Tumor-Associated Neutrophils

Tumor-associated neutrophils (TANs) are a subset of neutrophils that infiltrate the tumor microenvironment (TME) and play a dual role in tumor progression. Their functions can be pro-tumorigenic (N2 phenotype) or anti-tumorigenic (N1 phenotype), depending on the signals they receive from the TME.

Gliomas are highly heterogeneous brain tumors, and the tumor microenvironment (TME) significantly influences their progression. TANs contribute to glioma growth through several mechanisms:

#### 1. Immunosuppressive Effects (Pro-Tumorigenic N2 Phenotype) - Secrete immunosuppressive cytokines (e.g., TGF-β, IL-10) that inhibit T-cell function. - Promote the recruitment of regulatory T cells (Tregs) and myeloid-derived suppressor cells (MDSCs). - Suppress antigen-presenting cell (APC) activity, reducing anti-tumor immune responses.

#### 2. Enhancement of Glioma Growth & Invasion - Release matrix metalloproteinases (MMPs) that degrade the extracellular matrix (ECM), facilitating tumor invasion. - Promote angiogenesis via VEGF secretion, supporting glioma vascularization. - Increase glioma cell proliferation by releasing growth factors such as HGF and G-CSF.

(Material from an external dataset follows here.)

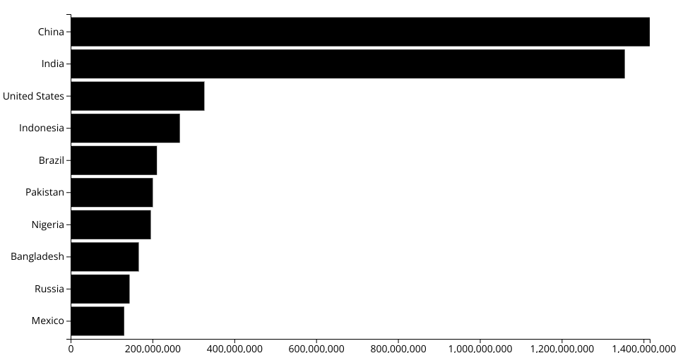 This bar chart shows population of the top 10 most populous countries. The data comes from the year 2018 estimate in United Nations: World Population Prospects 2017.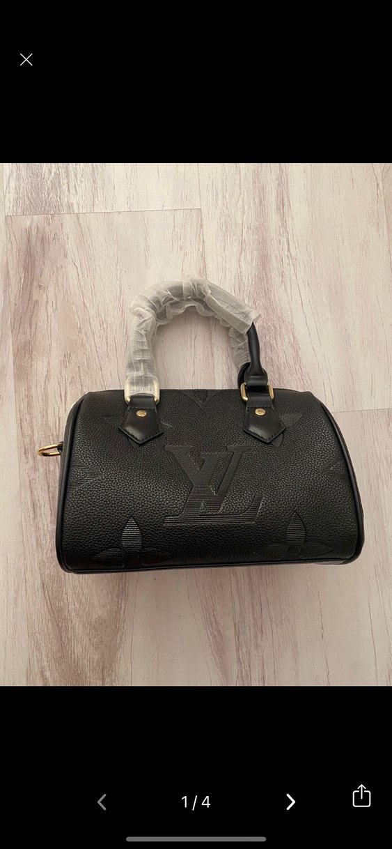 Siyah deri, tokalı saplı kadın çantası. Louis Vuitton baskılı, klasik zarafet ve Parisli gotik stilini yansıtır. Günlük kullanıma uygun.

#### 3. Drug Resistance and Therapeutic Implications - TANs contribute to resistance to chemotherapy, including temozolomide (TMZ), by supporting glioma cell survival. - They interact with glioma stem-like cells (GSCs), promoting tumor recurrence and resistance to therapy.

#### 4. Potential Anti-Tumorigenic Functions (N1 Phenotype) - In the presence of IFN-β or type I interferons, TANs may shift toward an N1 phenotype, which enhances cytotoxicity against glioma cells. - Produce reactive oxygen species (ROS) and TNF-α, which can trigger glioma cell death.

Wang et al. aimed to investigate the heterogeneity and role of TANs in glioma and to develop a prognostic model.

Analysis of scRNA-seq data identified cellular subpopulations and differentially expressed neutrophil-related genes (DE-NRGs). Bulk RNA-seq was obtained from four independent datasets. Molecular subtypes of glioma samples were determined by consensus clustering. WGCNA was conducted to elucidate the association between gene modules and subtypes. We developed a risk score model. Expression of selected genes was confirmed using immunohistochemistry (IHC). In vitro experiments were also performed for functional verification, including CCK8, EdU, Transwell, and TUNEL assays.

A total of 108 DE-NRGs for TANs were identified based on scRNA-seq data. Two molecular subtypes were characterized, showing significant differences in prognosis and clinical features. Immune-related analyses demonstrated varied immunological characteristics between subtypes. The risk score model was constructed with 7 genes, including AEBP1, CAVIN1, DCTD, DEPP1, DUSP6, FKBP9, and UGCG. It showed significant prognostic value and was validated across three external datasets. The mutation landscape highlighted higher IDH mutation prevalence in low-risk groups. Drug sensitivity analysis indicated TMZ resistance in high-risk groups. In vitro experiments showed that UGCG could promote glioma cell proliferation, migration, and invasion, while decreasing apoptosis.

This study explored the heterogeneity of TANs and developed a prognostic model, providing insights for prognostic prediction and guiding personalized treatment strategies in glioma. Declaration of Generative AI in Scientific Writing: The authors declare nonuse of generative AI and AI-assisted technologies in the writing process ¹⁾.

### Key Findings from the Study (Cancer Med. 2025) - 108 differentially expressed neutrophil-related genes (DE-NRGs) identified. - Two glioma molecular subtypes based on TAN profiles. - High-risk group showed temozolomide (TMZ) resistance. - Gene UGCG was found to promote glioma proliferation, migration, and invasion.

### Clinical Implications - TAN-targeted therapies (e.g., blocking TGF-β signaling to prevent pro-tumorigenic transformation). - Immunotherapy strategies to reprogram TANs toward an anti-tumorigenic phenotype. - TAN-based biomarkers for glioma prognosis and treatment resistance prediction.

This study highlights the complexity of TANs in glioma and their potential as therapeutic targets for improving treatment outcomes.